Por Helen Pessoni*
Empreender nunca é fácil. Seja para um recém-formado ou para um profissional experiente, tomar as rédeas da carreira e levar adiante o sonho do negócio próprio exige muita coragem. Isso acontece em qualquer ramo, mas em algumas atividades, como a medicina, por vezes, é ainda mais difícil.
Além da notória ausência de disciplinas sobre empreendedorismo nas universidades, alguns médicos e outros profissionais – professores, por exemplo – lidam com uma crença que liga a profissão a uma espécie de “sacerdócio”. E como tudo que é divino, se ligar à materialidade – especialmente ao dinheiro – pode se transformar em algo pecaminoso e empreender torna-se quase que um ato proibido.
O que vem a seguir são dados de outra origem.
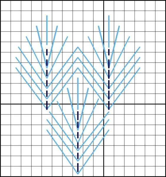 This diagram illustrates how a second Leaf Stitch should be worked into the first Leaf Stitch and how the next row should be worked into the first row.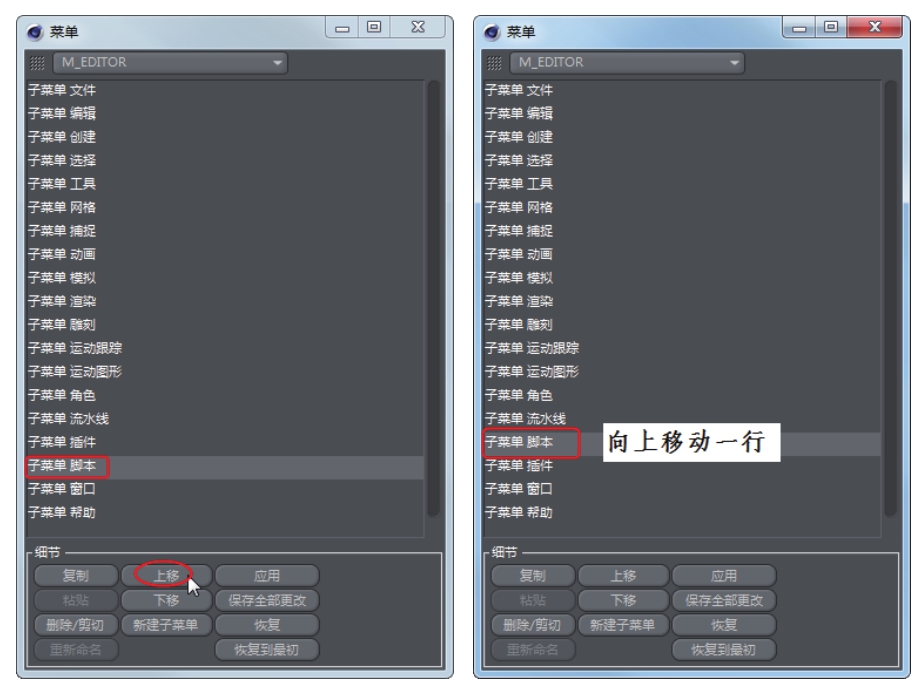 02 在“菜单”窗口中选择不常用的子菜单选项,在下方单击“复制”“粘贴”“上移”“下移”“删除/剪切”“重新命名”等按钮,进行相应操作。例如,选中“子菜单脚本”选项,单击“上移”按钮,可将其在相应菜单中上移一行位置,如图1-44所示。单击“应用”按钮,将改动应用到菜单中,如图1-45所示(因为是横向菜单,所以为前移一列)。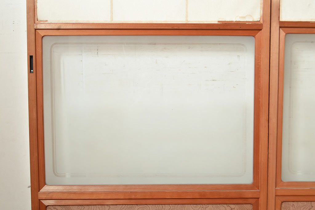 ラフジュ工房> ドア・建具> 障子戸 > アンティーク建具 昭和中期 レトロガラス入り 腰板の木目がおしゃれなアクセントの障子戸4枚セット(建具、引き戸)(R-049481)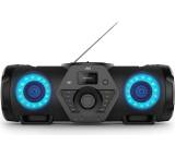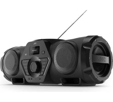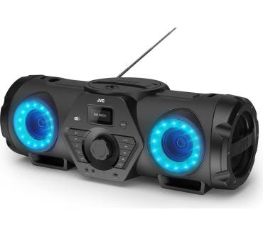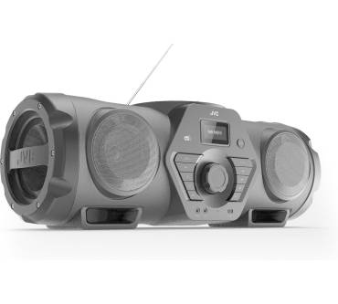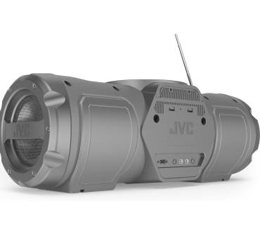 JVCs Ghettoblaster ist eine imposante Erscheinung, weiß jedoch nicht nur durch sein Aussehen zu überzeugen. So stehen Ihnen eine Vielzahl von Wiedergabewegen zur Verfügung, angefangen von je einem analogen und digitalen Radiotuner, über das CD-Fach bis zur Möglichkeit externe Geräte abzuspielen, etwa per AUX-Anschluss oder Bluetooth. Dank zweier 6,3 mm-Anschlüsse lassen sich zudem Mikrofon und Gitarre verstärken. Die Ausstattung wird durch eine hohe Mobilität dank Akkubetrieb und Tragegurt abgerundet. Der Haken: den Akku müssen Sie für rund 50 Euro bei JVC extra kaufen, ansonsten bleibt das Gerät ans Netz gebunden. Neben der Vielseitigkeit des RV-NB300DAB loben verschiedene Fachmagazine auch den Klang der Boombox, weshalb die aufgerufenen 300 Euro Neupreis (ohne Akku) nicht zu hoch erscheinen.
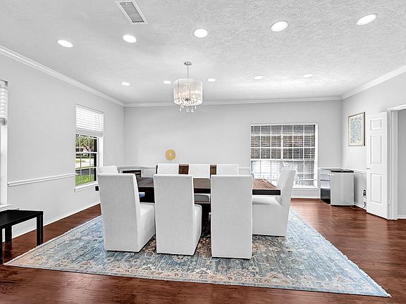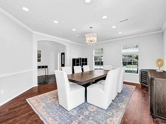 Fire placeWood laminate floorsLarge dining roomCovered patioJetted tubNice sized game roomWalk in closet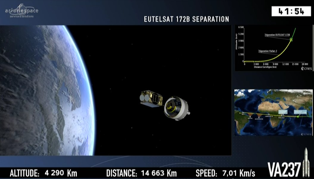 SEPARATION! The all-electric Eutelsat 172B satellite is on its way, starting a lengthy orbit-raising campaign. http://bit.ly/2rcFYpk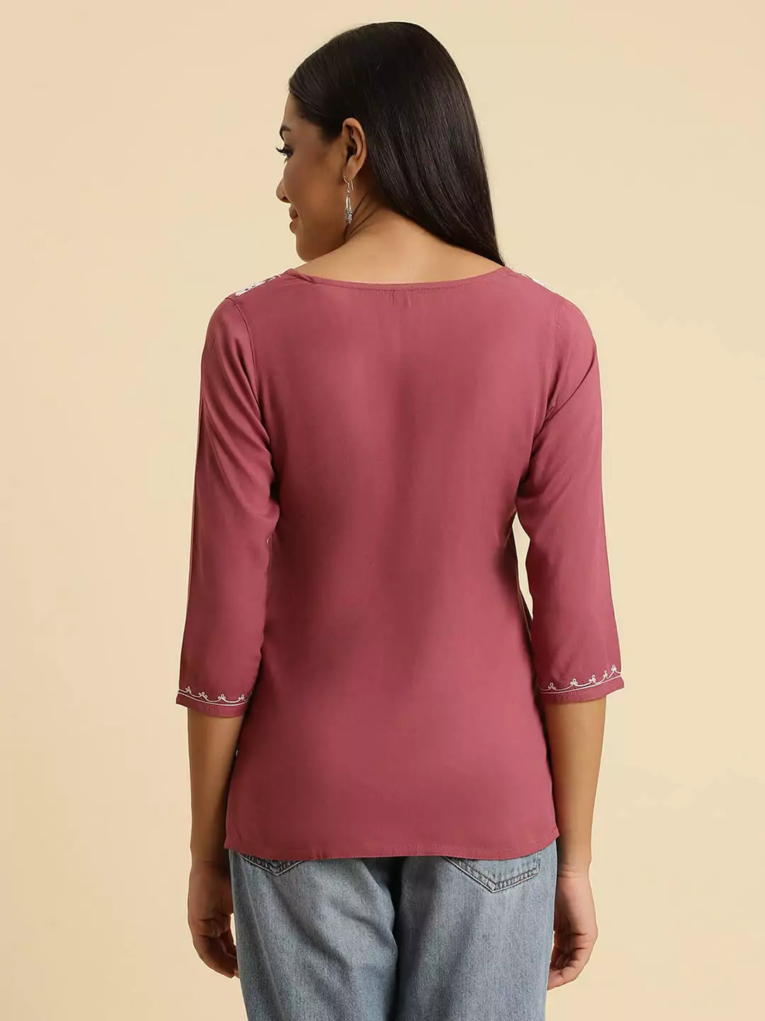 Pink Self Chikankari Short Kurti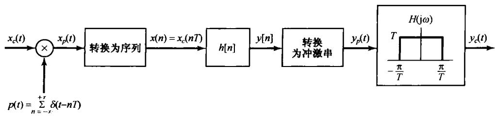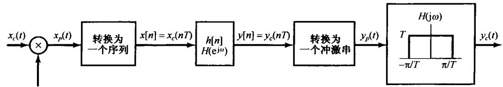 广而言之,对连续时间信号的这种处理方法可以看成图7.19所示的三个环节的级联,其中 和 都是连续时间信号,而 和 都是对应于 和 的离散时间信号。当然,就图7.19的整个系统而言,仍是一个连续时间系统,因为系统的输入和输出都是连续时间信号。将一个连续时间信号转换为一个离散时间信号,以及从信号的离散时间表示重建连续时间信号所依据的理论基础,都是7.1节讨论的采样定理。通过这样一个周期采样的过程(其采样频率满足采样定理中的条件),连续时间信号 就可以完全用一串瞬时样本值 来表示;也就是说,离散时间序列 以下式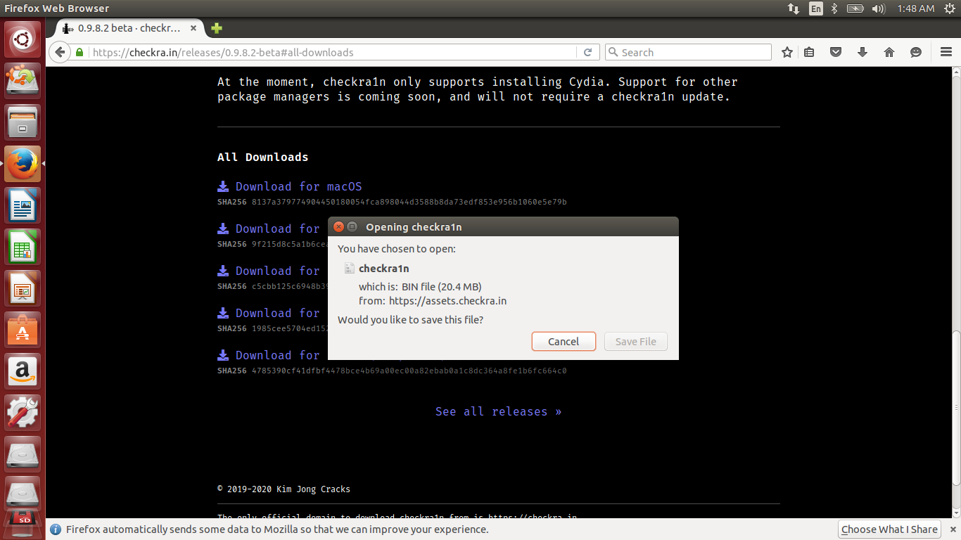 Download 폴더에 checkra1n 파일이 받아졌습니다.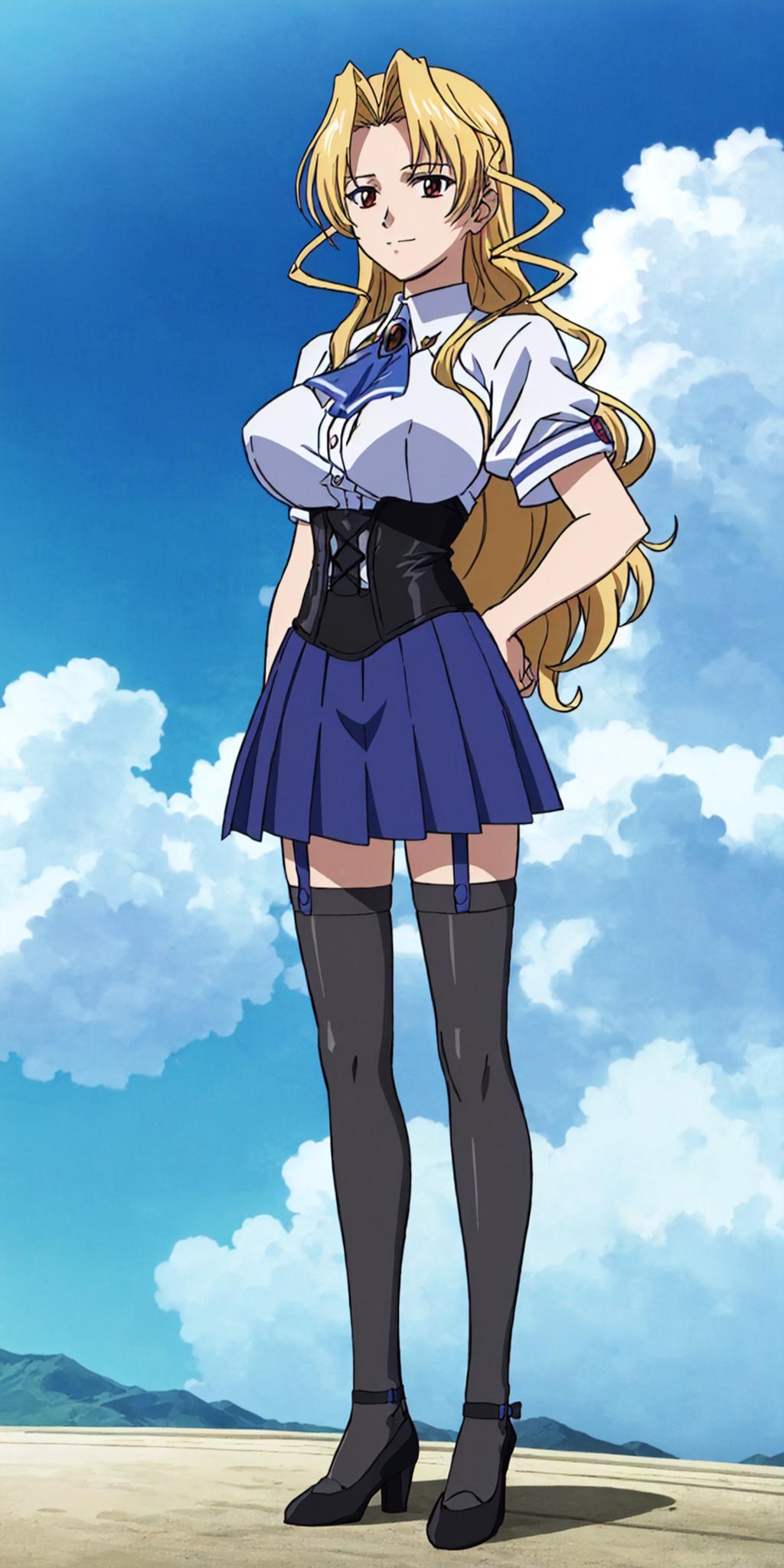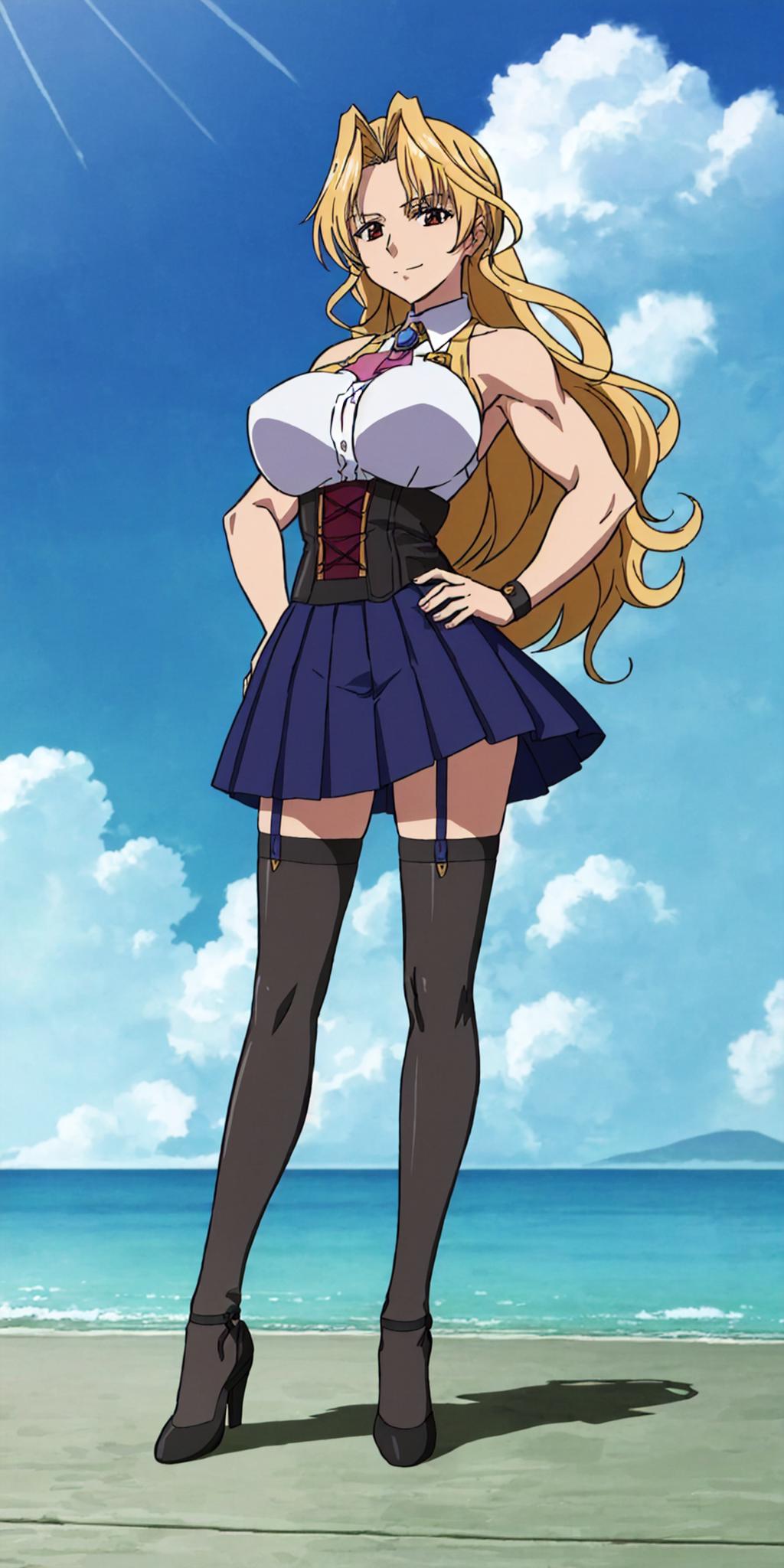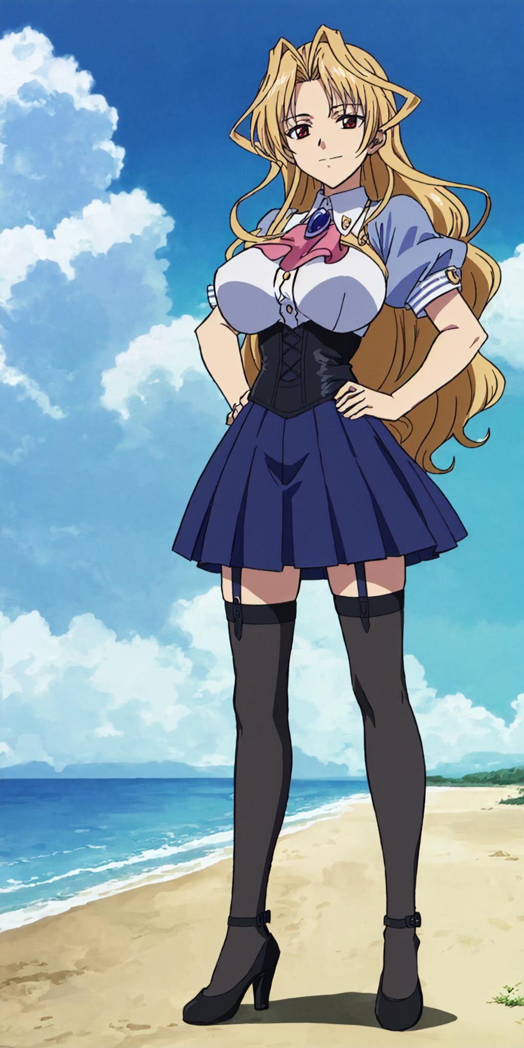 Basic prompts : blonde hair, long hair, red eyes

Sofri com isso durante algum tempo. Sentia uma grande dificuldade para precificar meu trabalho e achava “imoral” querer tornar meu negócio – uma clínica – um sucesso comercial. Crescer e ganhar dinheiro era “feio”.
Olhando pra trás vejo o quanto deste sofrimento e prejuízo poderia ter evitado se eu tivesse uma formação sobre gestão de negócios. Eu teria entendido muito mais cedo que não preciso sacrificar a médica para ser empresária. Ao contrário, quanto mais eficiente eu for como gestora, mais eu terei tempo para me dedicar à face assistencial.
Há nove anos o Ministério da Educação (MEC) desenvolveu novas Diretrizes Curriculares Nacionais (DCNs) para atualização do aprendizado nas universidades e faculdades, que abrangem a reafirmação dos princípios éticos, responsabilidade social, humanização dos atendimentos, e a gestão em saúde.
Em 2021, a Revista de Medicina da USP (Universidade de São Paulo) divulgou os dados de uma pesquisa em relação à identificação das disciplinas que beneficiam a gestão de serviços de saúde e os projetos pedagógicos considerados fundamentais para o exercício profissional da medicina. O estudo revelou que menos de 1% do tempo total da formação acadêmica é investida no ensino de empreendedorismo e de gestão, envolvendo disciplinas como inovação, política, economia, administração, mercado, serviços e qualidade.
Ainda assim, empreender é um desafio possível!
A primeira coisa que precisamos entender como empreendedores no setor da saúde é que existe diferença entre valor e preço. E a segunda coisa que precisamos fazer é explicar isso para as pessoas. Para todas que compõem o nosso ecossistema – dos fornecedores até os pacientes.
Graças à internet, os pacientes atuais chegam ao consultório cheios de informações – nem todas corretas – sobre doenças e tratamentos. A figura do médico que sabia tudo já não existe e o paciente é, cada vez mais, cliente. Ele exige que o serviço seja bom desde o primeiro contato para marcar um horário, até o pós-atendimento.
Uma saúde de valor não se mede pelo preço final do tratamento, mas pelo melhor uso dos recursos disponíveis e como isso soluciona – nas condições que a ciência já é capaz de oferecer – o problema do cliente.
Então é preciso estar preparado.
Lembro que quando comecei a clinicar, éramos eu e uma secretária apenas no consultório. Tudo foi dando certo e o volume de obrigações a cumprir crescendo exponencialmente. De repente, olhei pra mim e vi que era uma empresa com todos os setores. Eu negociava com fornecedores, contratava, atendia aos pacientes, fazia curativos, ligava no pós-atendimento… Mas eu não me via como empresa até aquele momento, embora fosse.
Foi a partir daí que comecei a buscar pessoas especializadas para cada função e o negócio se transformou, ganhou escala.
Esse é o primeiro conselho que dou aos que querem ser médicos-empreendedores ou qualquer outro profissional, dentro ou fora do setor de saúde: se entenda como uma marca. Organize-se desde o início como uma empresa. E, para isso alguns passos são fundamentais:
- Contrate um bom contador para ajudar na legalização da empresa;
- Tenha uma consultoria em RH para ajudar na contratação de funcionários;
- Faça uma pesquisa de mercado, entenda o seu nicho de atuação;
- Contrate um arquiteto especializado para adequar o espaço à sua atividade;
- Pesquise as tecnologias disponíveis para o seu segmento e faça uma lista de prioridades de implantação, pois os custos costumam ser altos.
E, o mais importante: não tenha medo. Cerque-se de pessoas bem qualificadas, siga estudando, se prepare e tenha resiliência.
Helen Pessoni é médica, com 16 anos de experiência na área de cirurgia vascular e angiologia. Atualmente possui duas clínicas no Rio de Janeiro que levam seu nome – uma na capital (Barra da Tijuca) e outra em Niterói. Especialista em tratamento de varizes e microvarizes com técnicas minimamente invasivas e inovadoras como laser, endolaser e espuma densa, já tratou mais de 10 mil pernas.